## INSTRUCTIONS TO FOLLOW
All lines below between the line with "Glänzender 3D Aufkleber" and the line with "- Encriptación/Desencriptación rápida", including both, must be copied exactly, and the pictures must be omitted.

## INPUT DATA
————

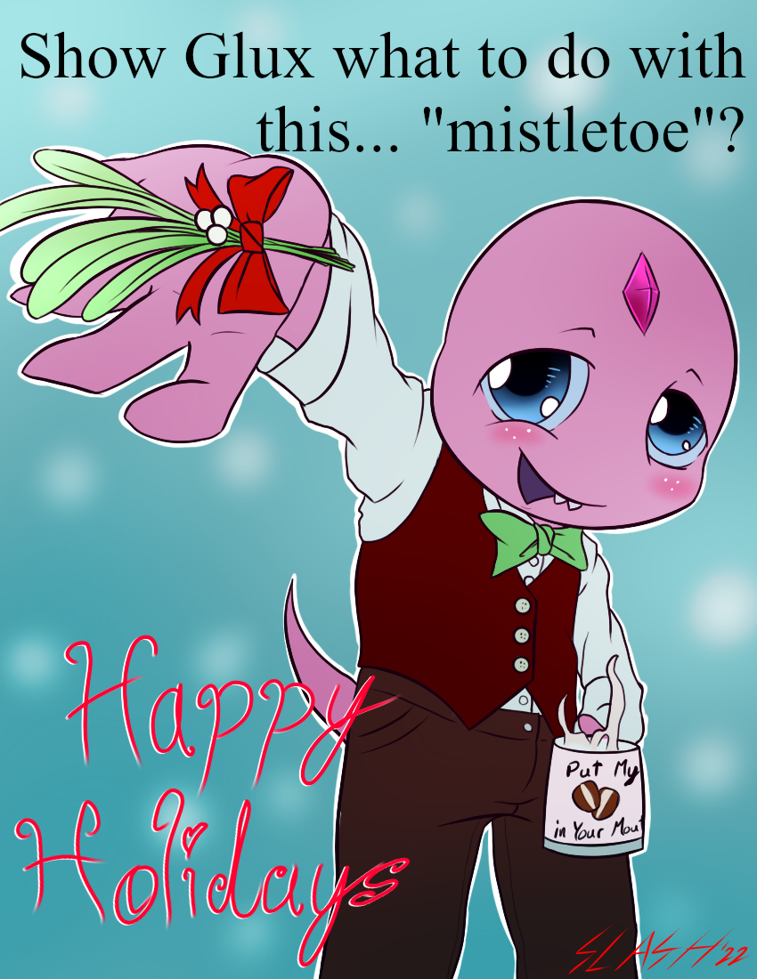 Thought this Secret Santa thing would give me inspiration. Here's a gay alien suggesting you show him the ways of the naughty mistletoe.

————

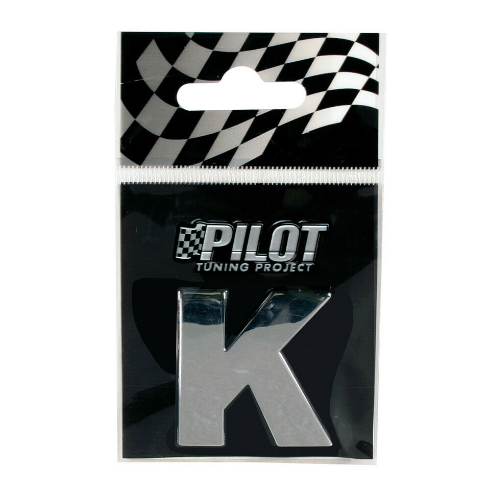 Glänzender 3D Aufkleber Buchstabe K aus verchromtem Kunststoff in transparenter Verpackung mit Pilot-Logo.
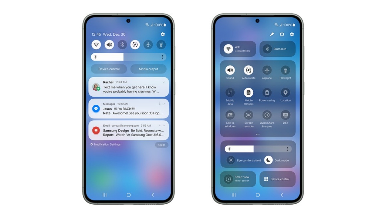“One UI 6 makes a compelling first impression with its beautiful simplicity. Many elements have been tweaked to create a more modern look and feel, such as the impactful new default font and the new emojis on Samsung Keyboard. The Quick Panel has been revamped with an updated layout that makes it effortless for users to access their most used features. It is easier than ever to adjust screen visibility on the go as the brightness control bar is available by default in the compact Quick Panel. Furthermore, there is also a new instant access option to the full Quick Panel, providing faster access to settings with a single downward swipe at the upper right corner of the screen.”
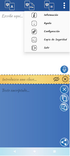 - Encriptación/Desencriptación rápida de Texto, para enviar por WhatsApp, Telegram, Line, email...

————

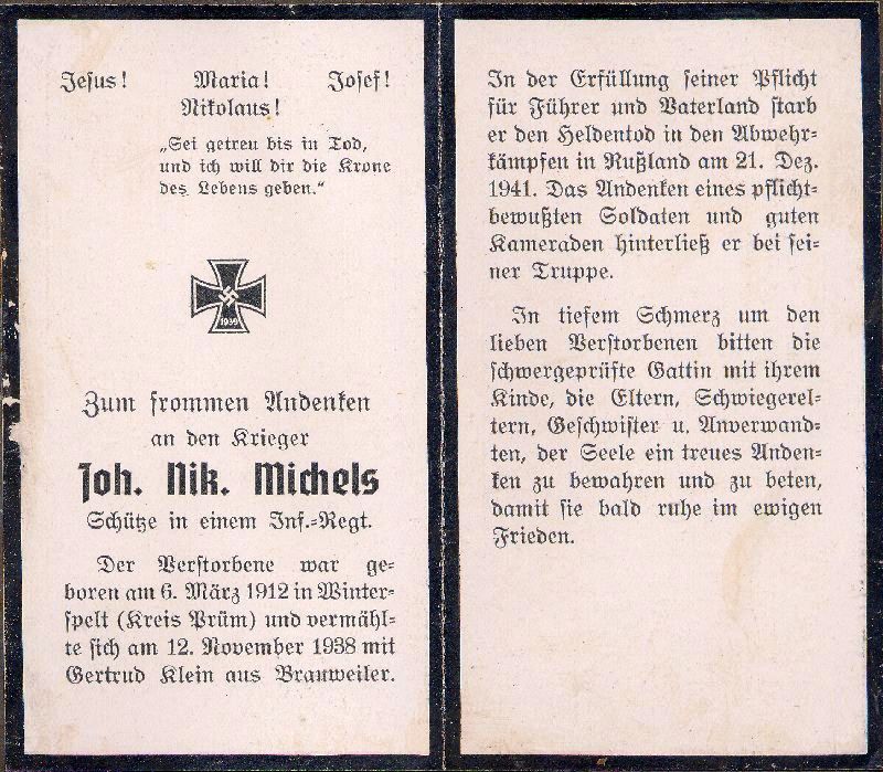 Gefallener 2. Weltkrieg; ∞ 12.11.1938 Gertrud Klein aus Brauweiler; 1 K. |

————

## RESPONSE AREA
 Glänzender 3D Aufkleber Buchstabe K aus verchromtem Kunststoff in transparenter Verpackung mit Pilot-Logo.
“One UI 6 makes a compelling first impression with its beautiful simplicity. Many elements have been tweaked to create a more modern look and feel, such as the impactful new default font and the new emojis on Samsung Keyboard. The Quick Panel has been revamped with an updated layout that makes it effortless for users to access their most used features. It is easier than ever to adjust screen visibility on the go as the brightness control bar is available by default in the compact Quick Panel. Furthermore, there is also a new instant access option to the full Quick Panel, providing faster access to settings with a single downward swipe at the upper right corner of the screen.”
 - Encriptación/Desencriptación rápida de Texto, para enviar por WhatsApp, Telegram, Line, email...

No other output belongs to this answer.